As designers gradually change shape, the expectations on them are changing as well. How should educators change the shape of their classes accordingly?

What makes a good design education that gets students ready for the career evolution and challenges that lie ahead is its ability to give them the right transferable skills required to be problem-solvers and design thinkers.

Design students need to understand how technology is changing the world, and educators should prepare them for designing for these shifting circumstances. “A design education for the future is not one in which technology is simply a tool for the design or display of information but a data-rich, data-aware landscape that is reading and responding to everything we do,” writes the AIGA Designer 2025 team.

In order to achieve that, design programmes should teach how to design for the breadth and depth of how today’s (and the future’s) technological systems respond to context.
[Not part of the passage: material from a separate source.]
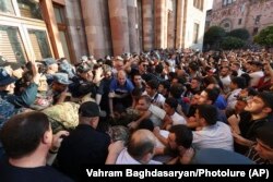 Пратэстоўцы выкрыкваюць лёзунгі супраць ураду і патрабуюць ад прэм’ер-міністра Нікола Пашыньяна ўмяшаньня ў сытуацыю. Пратэстоўцы кідалі бутэлькі ў сілавікоў, якія ачапілі будынак армянскага ўраду, а затым пачалі спробу яго штурму. Пры гэтым яны выгукалі: «Нікол — здраднік!». Яшчэ адна група пратэстоўцаў зладзіла акцыю насупраць расейскай амбасады. Удзельнікі пратэсту патрабавалі, каб расейскія міратворцы, якія знаходзяцца ў рэгіёне, абаранілі мірнае насельніцтва ад агрэсіі.
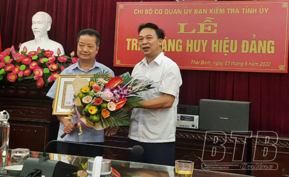 Lãnh đạo Đảng ủy Khối các cơ quan tỉnh trao tặng Huy hiệu Đảng cho đảng viên.

A large part of those considerations relate to bridging physical and digital experiences together and making the journey through a product or service as seamless as possible for users.

As designers of the future are expected to be addressing design problems across varying scales, and be able to identify the relationships between people, things, and activities within complex systems, up-to-date design courses should also teach management and collaborative skills. This means educators should make sure that students are equipped with the tools and processes they need for negotiating with various stakeholder groups that will likely each bring their own differing agendas to a project.

Adaptability and ability to embrace new knowledge is one of such tools. With the current – extraordinarily rapid – pace of change in technology and business, lifetime learning needs to be at the forefront of future-proofing any design career. Continuous learning is the best investment creatives can make in themselves, for developing interchangeable skills and cross-sectional abilities will be indispensable in a design career of the future.

Ideally, design graduates of such programmes would have the ability not only to snatch up the design jobs of the future but also to work within a range of sectors and be better represented in leadership positions, for example as MPs and CEOs.